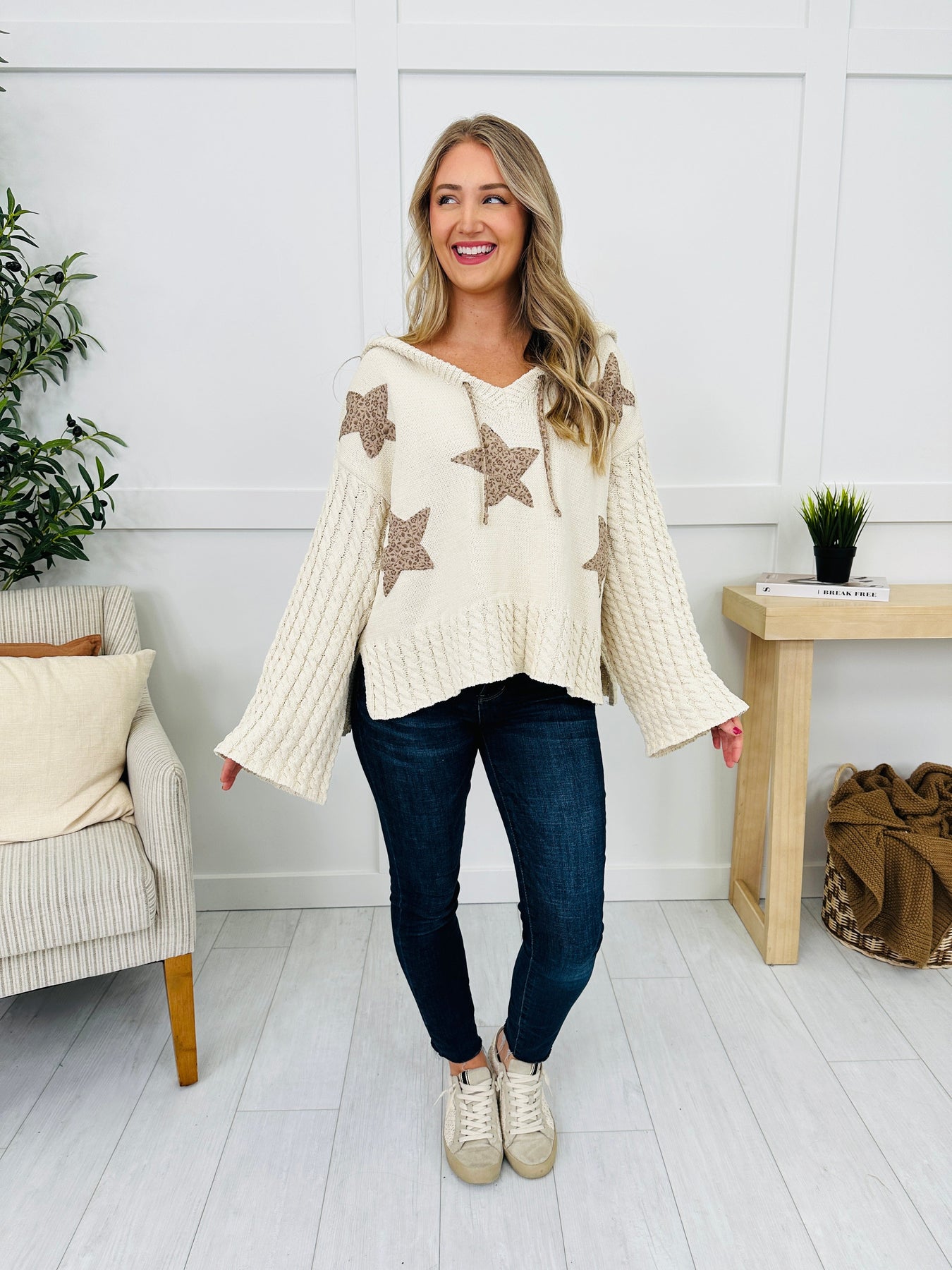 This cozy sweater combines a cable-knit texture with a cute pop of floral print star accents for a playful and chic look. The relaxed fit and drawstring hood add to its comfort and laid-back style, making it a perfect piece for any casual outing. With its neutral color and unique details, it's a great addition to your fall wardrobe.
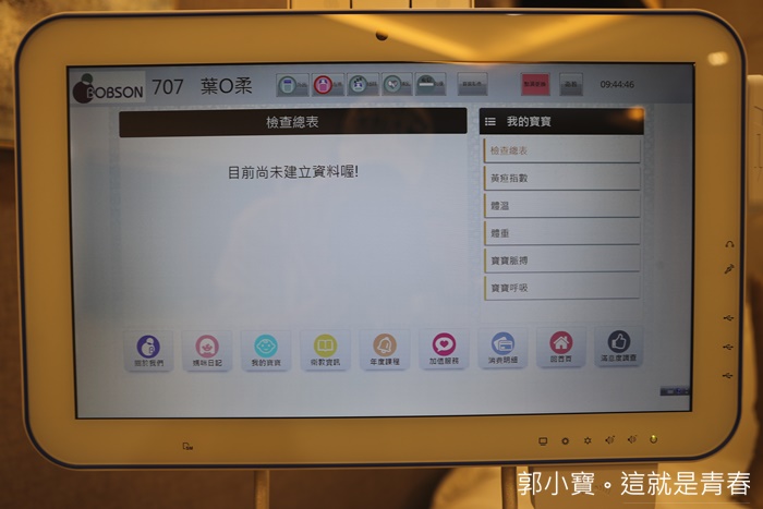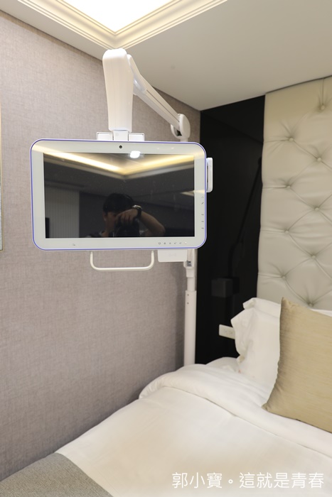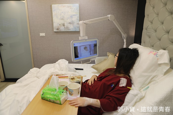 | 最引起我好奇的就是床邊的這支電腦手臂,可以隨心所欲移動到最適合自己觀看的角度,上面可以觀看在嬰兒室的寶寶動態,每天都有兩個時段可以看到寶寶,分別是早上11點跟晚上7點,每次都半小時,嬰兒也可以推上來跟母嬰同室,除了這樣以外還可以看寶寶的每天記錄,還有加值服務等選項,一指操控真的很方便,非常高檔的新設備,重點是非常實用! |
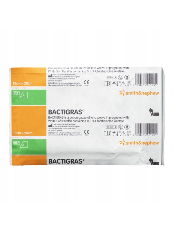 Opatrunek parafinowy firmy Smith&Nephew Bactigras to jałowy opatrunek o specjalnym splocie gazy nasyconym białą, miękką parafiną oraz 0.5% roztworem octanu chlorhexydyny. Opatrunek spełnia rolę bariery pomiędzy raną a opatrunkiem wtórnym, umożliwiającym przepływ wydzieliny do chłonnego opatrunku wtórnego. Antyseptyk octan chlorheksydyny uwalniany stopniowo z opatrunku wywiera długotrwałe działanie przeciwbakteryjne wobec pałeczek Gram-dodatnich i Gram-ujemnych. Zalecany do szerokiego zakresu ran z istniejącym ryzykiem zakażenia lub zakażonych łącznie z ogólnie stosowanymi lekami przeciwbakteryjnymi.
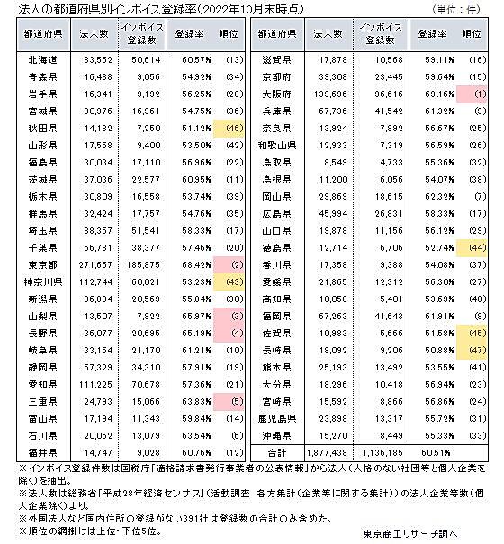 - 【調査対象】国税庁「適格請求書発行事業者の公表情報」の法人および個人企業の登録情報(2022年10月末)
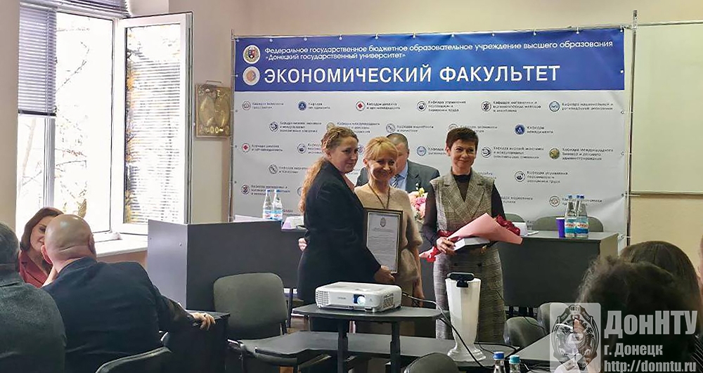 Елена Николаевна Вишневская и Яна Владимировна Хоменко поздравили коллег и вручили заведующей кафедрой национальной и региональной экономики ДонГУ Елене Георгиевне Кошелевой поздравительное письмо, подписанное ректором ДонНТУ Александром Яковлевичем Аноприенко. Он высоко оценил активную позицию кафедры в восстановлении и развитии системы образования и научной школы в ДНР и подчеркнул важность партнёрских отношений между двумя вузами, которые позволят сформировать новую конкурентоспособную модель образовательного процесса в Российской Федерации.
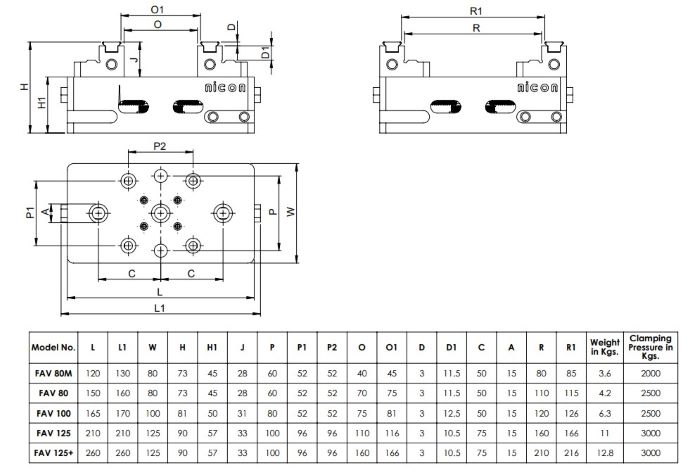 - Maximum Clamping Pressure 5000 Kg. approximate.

PROBLEM REQUIREMENTS: From the line that contains "Елена Николаевна Вишневская" down to the final line of the entries above, please copy each line exactly, excluding pictures.

RESPONSE TO THIS TASK:
 Елена Николаевна Вишневская и Яна Владимировна Хоменко поздравили коллег и вручили заведующей кафедрой национальной и региональной экономики ДонГУ Елене Георгиевне Кошелевой поздравительное письмо, подписанное ректором ДонНТУ Александром Яковлевичем Аноприенко. Он высоко оценил активную позицию кафедры в восстановлении и развитии системы образования и научной школы в ДНР и подчеркнул важность партнёрских отношений между двумя вузами, которые позволят сформировать новую конкурентоспособную модель образовательного процесса в Российской Федерации.
 - Maximum Clamping Pressure 5000 Kg. approximate.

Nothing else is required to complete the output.